Лежа на скамье в зале ожидания, под ночным вокзальным солнцем, я буду чувствовать себя уютно. Вдалеке от мира, без будущего и без пристанища. Я увижу вокзалы ночные, дневные, зимние, под солнцем, в снегу; или шумные, с криками, толкотней. Я смогу при случае там работать, добыть немного денег вместе с теми, кто наполняет и разгружает фургоны. Обалдев от напряжения, я смотрю на других парней с судорожно сжатыми руками, сморщенными лицами, в узких и грязных штанах, облепляющих чресла, когда они приседают и потягиваются перед подъемом тяжести. Любая пауза станет поводом для сближения, пробуждения желания. Эта работа меня осчастливит.
В каждом воспоминании будет маячить продуваемый ветром вокзал, законченный, засаленный, в накипи от чадящих люстр. Но я стану необычным пассажиром: мое место назначения – сам поезд. Коридор вагона, прислонившиеся к окнам мальчики, сталкивающиеся со мной на бегу дети. Я подхожу вплотную, украдкой задеваю, сталкиваюсь снова и снова, прижимаюсь к тем, кто мне приглянулся.
Объявили забастовку. Я слонялся по вокзалу. Очень длинный перрон под открытым небом, зал ожидания, будто нарочно расположенный по центру, стекающиеся из пригородов пассажиры. У меня оставалось еще два часа до отправления: на целых два часа все останутся на этом островке. Я не вправе упускать такую возможность – ненадолго стать королем перенаселенного королевства.
Я бесцельно брожу по перрону, наперерез толпе, разглядываю встречных и зевак. Мне остается лишь охотиться, выслеживать, вынюхивать, столбенеть. Но я ничего не вижу. Зал ожидания пуст. Я усаживаюсь и закуриваю.
Я не взглянул на вошедшего. Я не хотел этого: чтобы не рисковать, мне нужен сообщник. Я смотрю на него; я не в настроении и стискиваю зубы.
Ради этого люди рисуют каракули на закрытых дверях – на дверях туалетов, где, надежно запершись, в конце концов объясняются педерасты. Они расстегиваются, смотрят на свои гениталии, взвешивают их на ладони, холодный сквозняк ласкает промежность, так волнующе спускать штаны в общественном месте, предназначенном для испражнения: и они пишут то, что одетыми или у себя дома хранили бы в тайне. Затвердевший сгусток из пары слов на грязной филенке – мне хочется изложить заключенную в нем длинную теорию фраз, иллюзий, кошмаров и сказаний.
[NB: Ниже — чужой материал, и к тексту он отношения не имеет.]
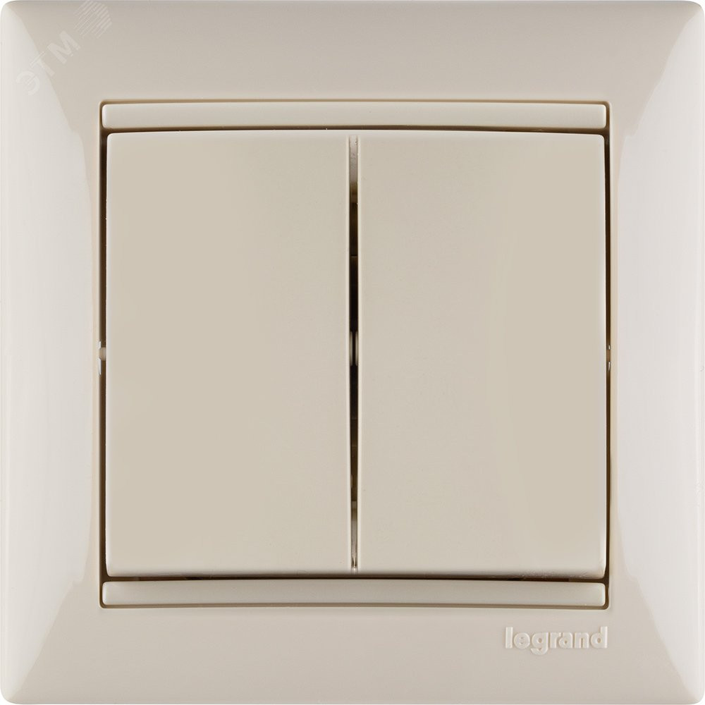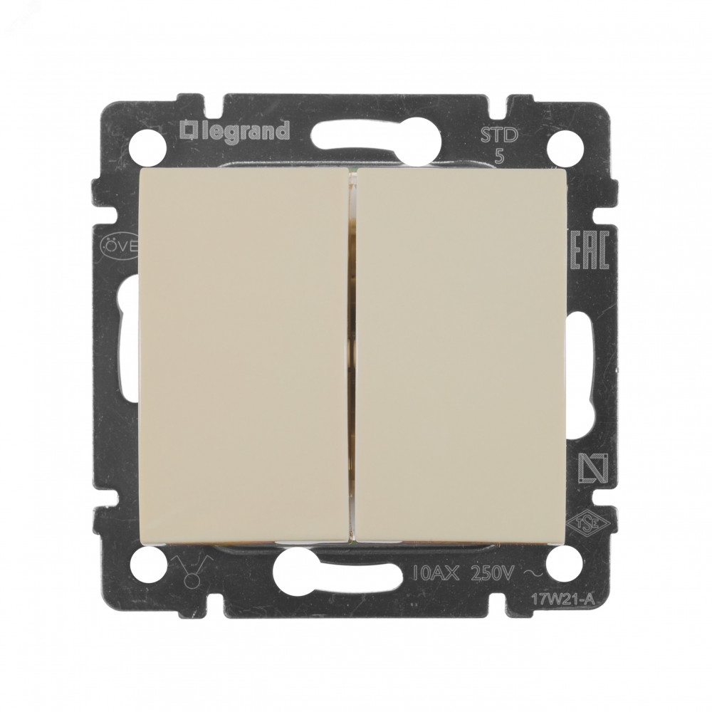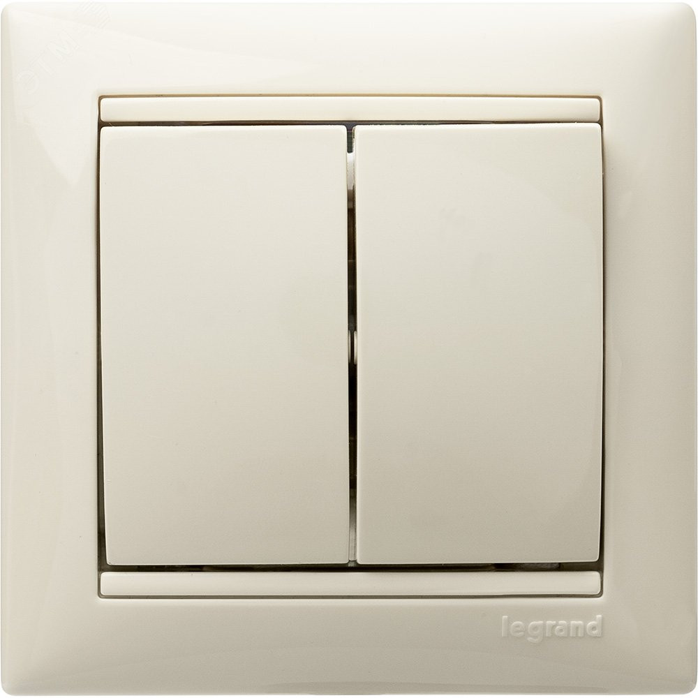 Представляет собой механизм выключателя с двумя клавишами. Цвета слоновой кости. Изготовлен из пластика. Монтируется под штукатурку.

Непристойности, которые кто-то говорит, рисует, совершает, зная, что слова эти необъятны; но они оставляют их здесь, словно кал, голую и потому слишком тягостную правду. Ее сбрасывают в колодец с камнем на шее и предпочитают, чтобы эту истину глаголили дети, – ведь, лакомясь конфетами, они просто повторяют то, что мы шепчем им на ушко.
А я, напротив, выбираю эти конечные фразы, написанные в углу засранной двери и словно говорящие о том, что человек больше не выдерживает. Запах фекалий, вытесняющий церковный ладан и цветочный аромат. Эта ночная колонна, куда входишь и замираешь. Любовь неприятно отдает здесь горечью, а голос глохнет.
Он сидит, скрестив ноги и выпятив грудь; чуть моложе меня, а уже неприкасаемый. Итак, я не был в тот день на вокзале, не ушел из дома и не прятался в тот вечер в лесу, незачем вспоминать события, которых не было. Я провел невинный день в лицее, дома, в тепле. Я изнежился в тягучей лени, извалялся в сахаре и масле; подрочил, а потом надолго уснул.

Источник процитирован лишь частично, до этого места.